Одна была связана с финансовыми проблемами. Из-за денежной реформы и последовавшей за ней инфляции 1811 года фактическая сумма субсидии, которые трое меценатов обязались пожизненно платить Бетховену, сократилась в пять раз. Платежи исправно поступали только от эрцгерцога Рудольфа. Князь Фердинанд Кинский, который в начале июля 1812 года устно обещал Бетховену впредь выплачивать ему свою долю субсидии по повышенному курсу, чтобы компенсировать хотя бы часть потерь, связанных с обесцениванием денег, внезапно погиб, упав на полном скаку с лошади во время прогулки перед отъездом в свой полк. Кинский умер, не приходя в сознание, в ночь на 3 ноября 1812 года. «Он обладал редкостными достоинствами как человек, патриот и друг, — писал генерал Фридрих Вильгельм фон Бентхайм своему подчинённому и другу Карлу Варнхагену. — Вся Прага сейчас в трауре. Княгиня, находившаяся в нескольких милях от того места, несказанно несчастна, но за её жизнь больше не опасаются». Бетховен выразил 30 декабря свои соболезнования княгине Каролине, признавшись, что несчастный случай, унёсший жизнь её супруга и «наполнивший глубокой скорбью каждое сердце, восприимчивое к великому и прекрасному, нанёс потрясение также и мне, столь же тяжёлое, сколь необычайное». Однако Бетховен был вынужден обратиться к княгине с просьбой выполнить обещание, данное князем в присутствии Варнхагена. Но на скорое выполнение этой просьбы рассчитывать было нельзя. Княгиня Каролина, несмотря на доброе отношение к Бетховену, не могла распоряжаться наследством без разрешения опекунского совета. Прошение композитора было переправлено в Прагу, по местонахождению совета, и переговоры о выплате субсидии тянулись ещё несколько лет. Между тем доля Кинского в общей сумме платежей была решающей, и Бетховену без этих денег жить было трудно.
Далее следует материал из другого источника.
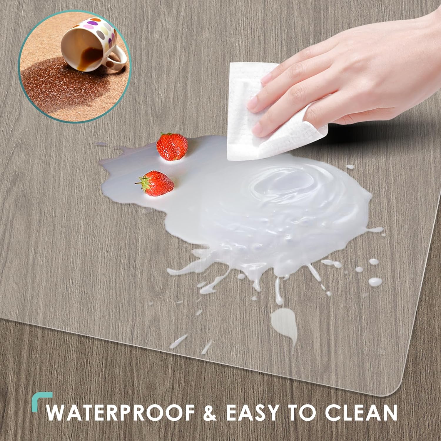 - Waterproof & Easy to Clean : Made from PVC material, this computer gaming chair mat is waterproof, so you don't have to worry about spilled coffee or food scraps falling on the floor. Meanwhile, this office chair floor mat is easy to clean, A quick wipe with a damp cloth is all it takes to maintain its cleanliness.

Другой меценат, князь Лобковиц, в 1813 году разорился и тоже приостановил выплату Бетховену своей части субсидии. При этом князь продолжал вести прежний роскошный образ жизни и чрезвычайно пышно отпраздновал в Чехии свадьбу дочери. По сравнению с огромными тратами Лобковица на балы, званые обеды, подарки и приёмы, сумма 700 флоринов, которую он должен был выплачивать Бетховену, выглядела смехотворной. Но именно на ней в бухгалтерии князя почему-то решили сэкономить. Бетховен был возмущён. «Неужели честное слово теперь ничего ни для кого не значит?» — писал он эрцгерцогу Рудольфу, подразумевая Лобковица, которого теперь презрительно обзывал «князем Фицлипуцли» (так по-немецки звучало имя бога древних ацтеков, требовавшего человеческих жертвоприношений).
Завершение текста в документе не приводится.